Content starts
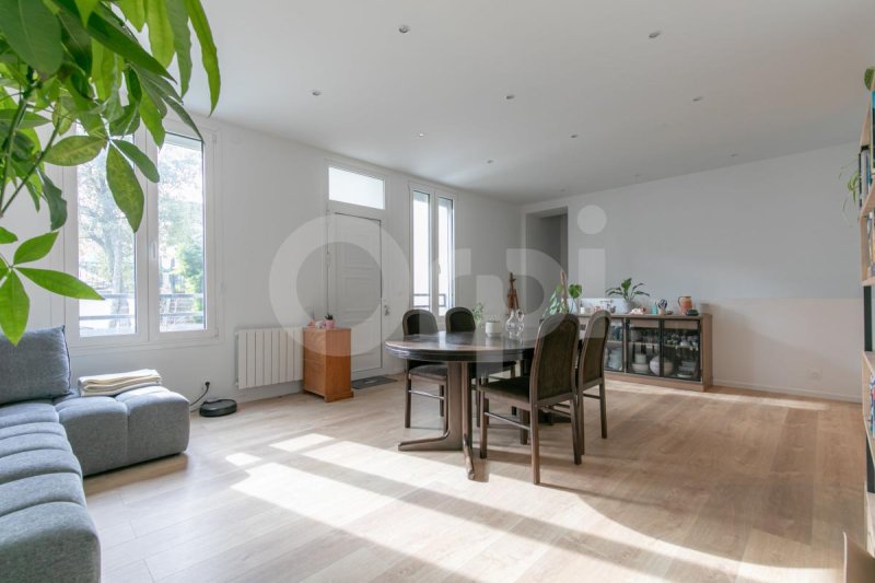 Nogent sur Marne, située dans le quartier pavillonnaire calme et agréable des Maréchaux, cette maison entièrement rénovée en 2022 de 111 m² habitables vous séduira par ses volumes et ses prestations soignées. Elle se compose au Rdc : d'une grande pièce de vie lumineuse de 36m², d'une cuisine ouverte aménagée et équipée avec son espace cellier/buanderie attenant, d'un wc séparés avec lave main, au 1er étage : 3 chambres avec une très belle hauteur sous plafond (3m) une salle d'eau moderne avec WC (à l'étage) et un ouvrant, en entresol une grande pièce de 26m² déjà aménagé, idéal pour créer une chambre, bureau (ou les 2 !) ou un un espace personnalisé selon vos besoins. Vous profiterez d'un jardin d'environ 50 m², idéal pour des moments en famille. En annexes : un emplacement de parking privatif et une cave complètent ce bien.
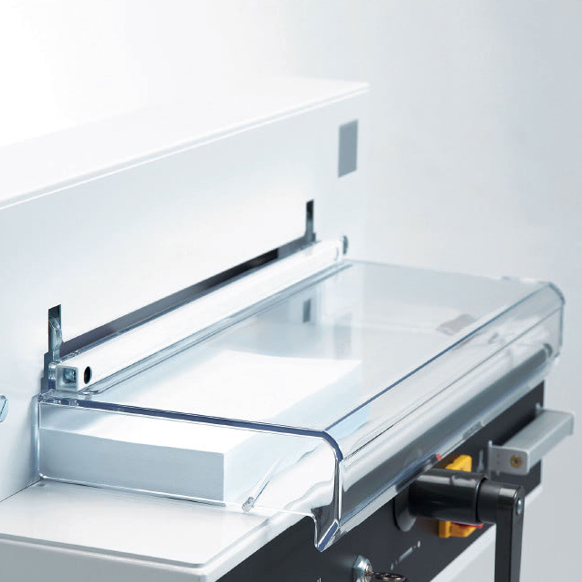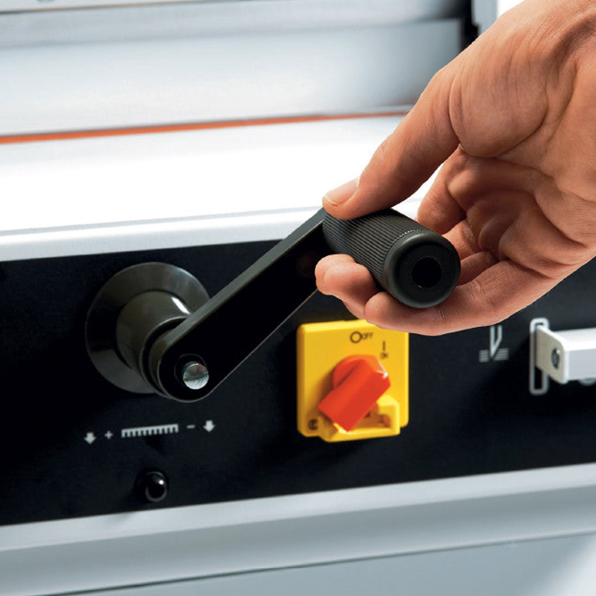Mit patentierter EASY-CUT Schnittauslösung. Besonders sicher durch SCS-Sicherheitspaket (Safety Cutting System): Elektronisch kontrollierte schwenkbare Sicherheitsvorrichtung mit Schnittsperre am Vordertisch (Messer wird nur bei geschlossener Sicherheitsvorrichtung entriegelt). Transparente Sicherheitsvorrichtung auf dem Rücktisch. Hauptschalter und Sicherheitsschloss, Zweihand-Schnittauslösung.
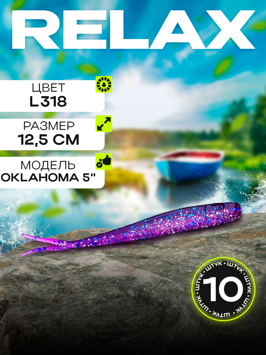 Слаги Relax Oklahoma 5" 12,5см цвет L318 (фиолетовый, синие блестки) (10шт) (OKL5)
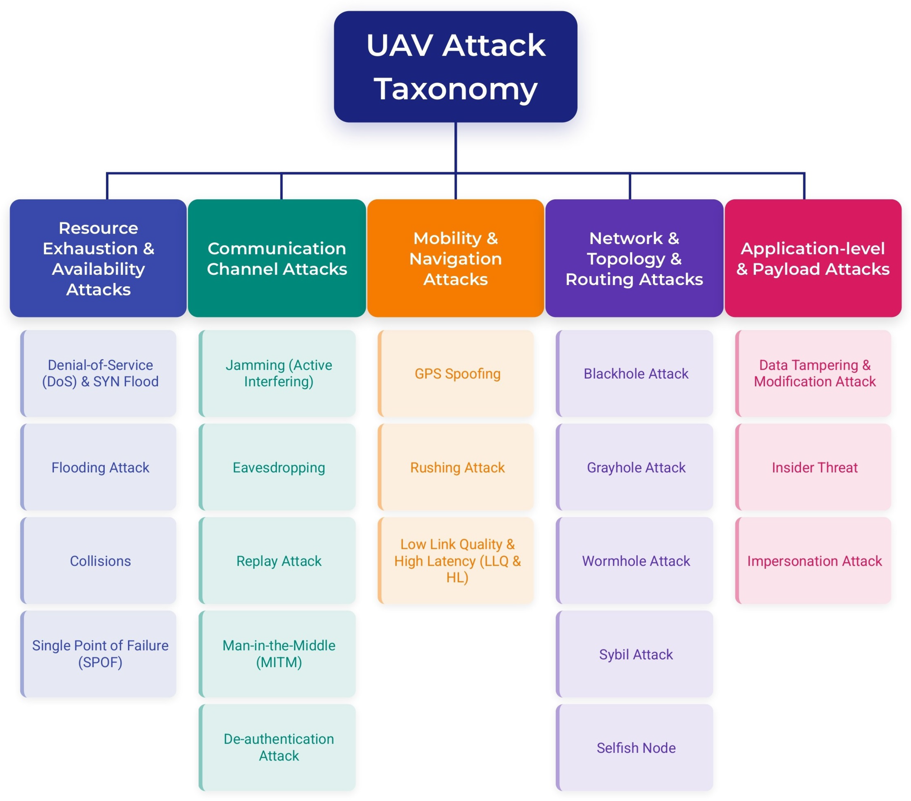 - Eavesdropping: Eavesdropping attacks intercept UAV communication to gather sensitive or classified data, violating confidentiality and potentially enabling further attacks, such as replay or impersonation [12].
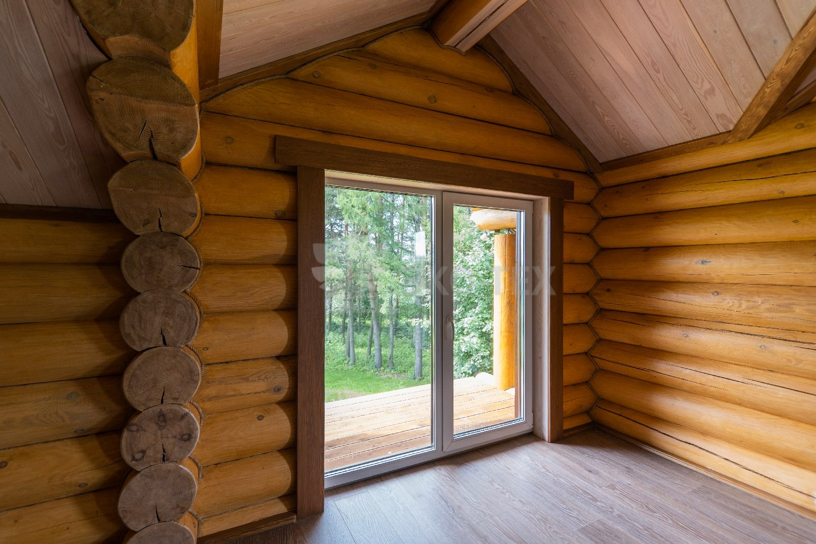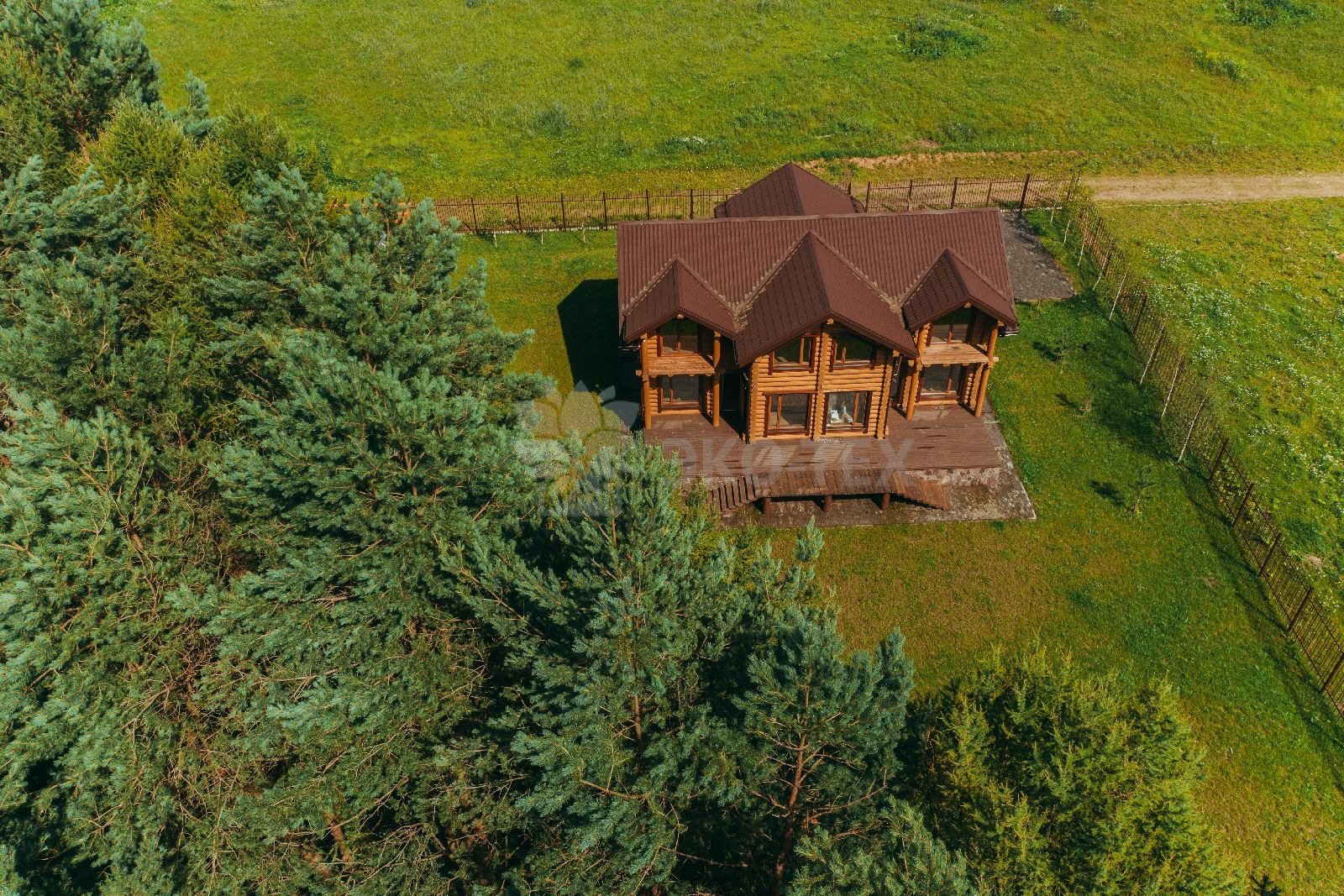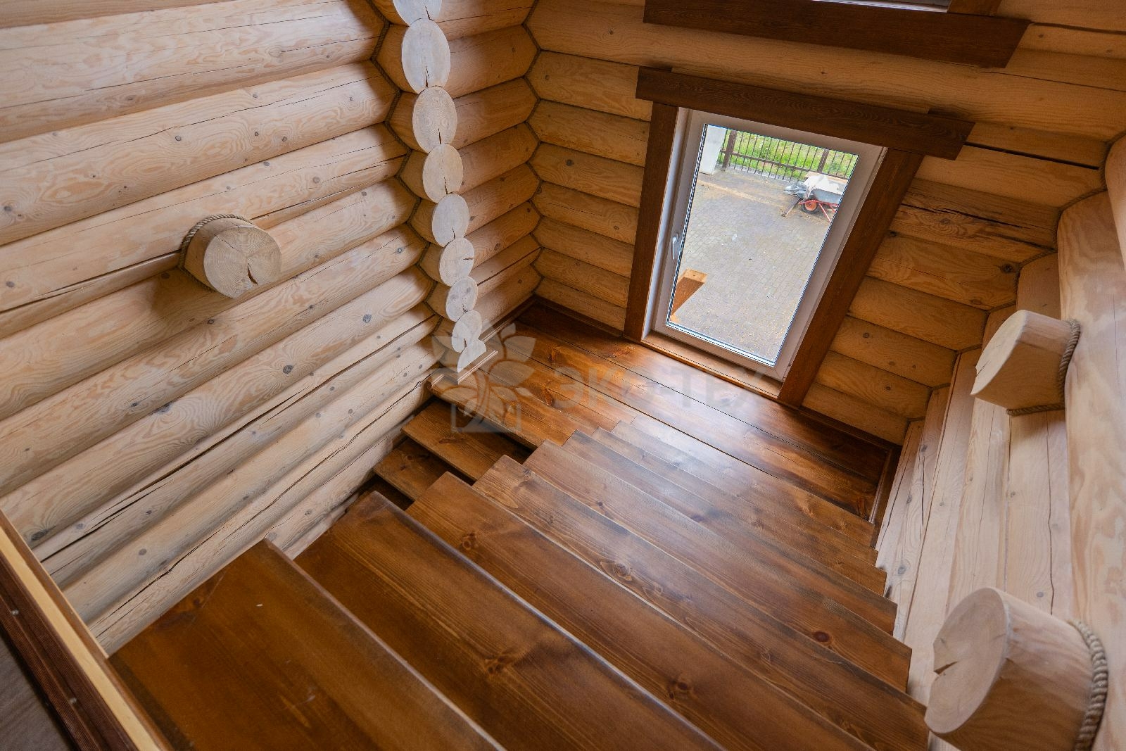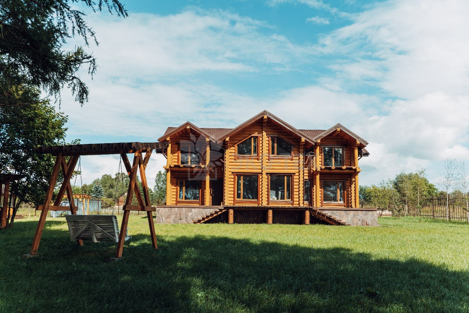 Удобное крыльцо — терраса защищено надежным навесом от любых капризов природы. Просторное двухэтажное здание, главный фасад которого украшен роскошными панорамными окнами, образующие единую композицию выполнено из оцилиндрованного бревна.
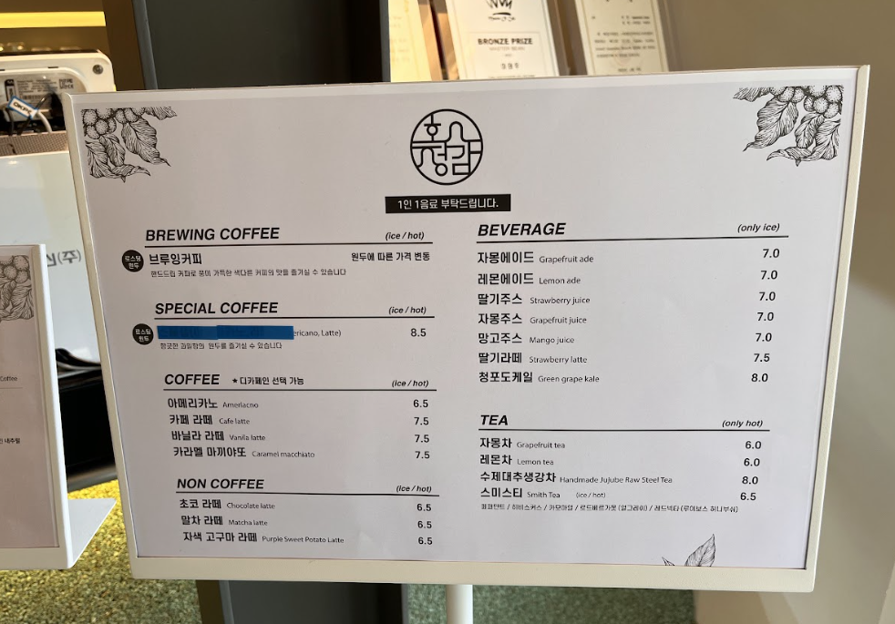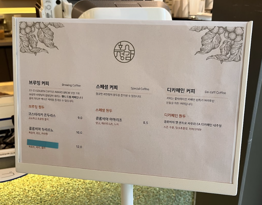메뉴는 브루잉 커피☕와 일반 커피, TEA, 각종 음료 🧉 가 있고
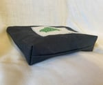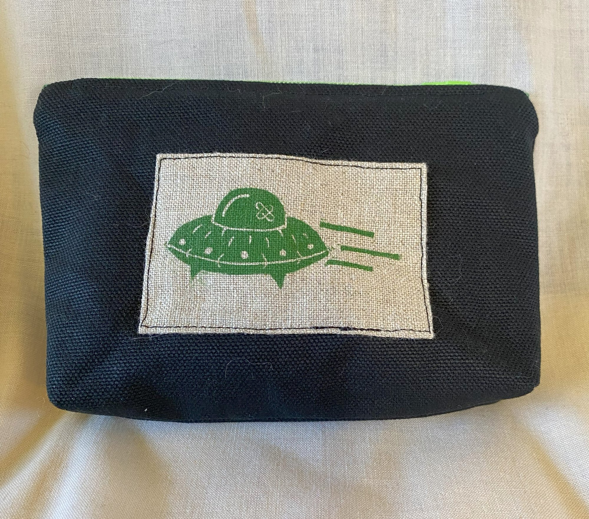 Black fabric on the outside, dark moth print lining, bright green zipper, black thread, block print patch is green ink on natural linen fabric.
Content ends
### [Exercise prompt]
Would you give the entries above again verbatim, omitting the images they contain?

### [Solution to the exercise]
 Nogent sur Marne, située dans le quartier pavillonnaire calme et agréable des Maréchaux, cette maison entièrement rénovée en 2022 de 111 m² habitables vous séduira par ses volumes et ses prestations soignées. Elle se compose au Rdc : d'une grande pièce de vie lumineuse de 36m², d'une cuisine ouverte aménagée et équipée avec son espace cellier/buanderie attenant, d'un wc séparés avec lave main, au 1er étage : 3 chambres avec une très belle hauteur sous plafond (3m) une salle d'eau moderne avec WC (à l'étage) et un ouvrant, en entresol une grande pièce de 26m² déjà aménagé, idéal pour créer une chambre, bureau (ou les 2 !) ou un un espace personnalisé selon vos besoins. Vous profiterez d'un jardin d'environ 50 m², idéal pour des moments en famille. En annexes : un emplacement de parking privatif et une cave complètent ce bien.
Mit patentierter EASY-CUT Schnittauslösung. Besonders sicher durch SCS-Sicherheitspaket (Safety Cutting System): Elektronisch kontrollierte schwenkbare Sicherheitsvorrichtung mit Schnittsperre am Vordertisch (Messer wird nur bei geschlossener Sicherheitsvorrichtung entriegelt). Transparente Sicherheitsvorrichtung auf dem Rücktisch. Hauptschalter und Sicherheitsschloss, Zweihand-Schnittauslösung.
 Слаги Relax Oklahoma 5" 12,5см цвет L318 (фиолетовый, синие блестки) (10шт) (OKL5)
 - Eavesdropping: Eavesdropping attacks intercept UAV communication to gather sensitive or classified data, violating confidentiality and potentially enabling further attacks, such as replay or impersonation [12].
 Удобное крыльцо — терраса защищено надежным навесом от любых капризов природы. Просторное двухэтажное здание, главный фасад которого украшен роскошными панорамными окнами, образующие единую композицию выполнено из оцилиндрованного бревна.
메뉴는 브루잉 커피☕와 일반 커피, TEA, 각종 음료 🧉 가 있고
 Black fabric on the outside, dark moth print lining, bright green zipper, black thread, block print patch is green ink on natural linen fabric.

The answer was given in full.